The same will be true when a cadre of intelligent robots, with one manager giving them daily instructions, replaces 5 wait staff and cooks at a restaurant.
>The confluence of robotics and AI will mean the eventual evaporation of low-skill and/or laborious jobs as they are completely replaced by automated agents.
Low-skill work is no more vulnerable to automation than high-skill work:
https://en.wikipedia.org/wiki/Moravec's_paradox
Ultimately, we humans universally have and will continue to have a set of skills that cannot, for legal reasons, be automated. This gives human services a unique value proposition. Moreover, human labour cannot be mass-produced like machines, so it becomes increasingly scarce, which is why wages have increased 20 fold since the beginning of the Industrial Revolution
>These people do not have a unique skill set they can apply to something else.
Yes they do have valuable skills. They have a high-level understanding of society, people's intentions and needs, and the tools and technology that enables people to accomplish tasks.

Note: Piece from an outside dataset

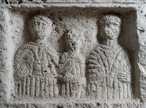 Im Hauptbild Familie: in Rechtecknische Halbfiguren eines Ehepaares mit Kind. Links Frau, in der Mitte Kind, rechts Mann: bärtig, Paenula (?). - Inschrift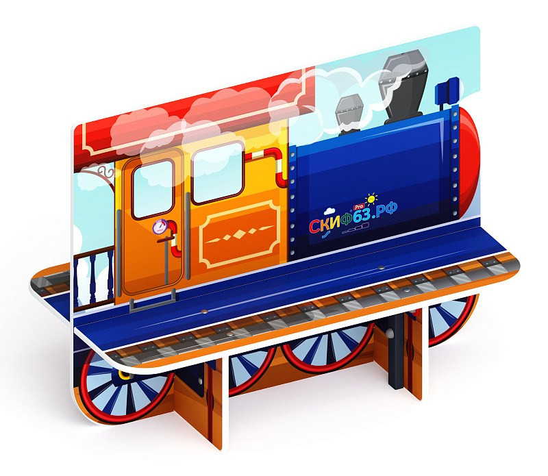 Паровозик - Скамейка детская - МФ 41.03.06 Габариты (ШхДхВ): 1180x620x900 мм Зона безопасности, мм: 2180х1620 Возрастные ограничения от 3 лет

A person living in 2017 isn't some empty slate that's indistinguishable from a human living in 1950. The modern person has knowledge about automation that makes them vastly more productive in the modern context. The modern person knows how to use modern tools like smart phones with applications like internet-accessible maps, to maximise productivity, and has unique knowledge about numerous domains that is not publicly available.
With respect to the last point: most of the collective knowledge of the economy is not in the public domain, as a public resource. It is mostly diffused throughout the population, as private knowledge. It is this knowledge that makes individuals increasingly productive, and their labour increasingly valuable.
>Globalization can only happen once.
Industrialization has happened continuously for 200 years. Wages have grown enormously over this time frame.
You're being pessimistic for the sake of being pessimistic. Maybe because you're looking to rationalize your universal welfare cheque.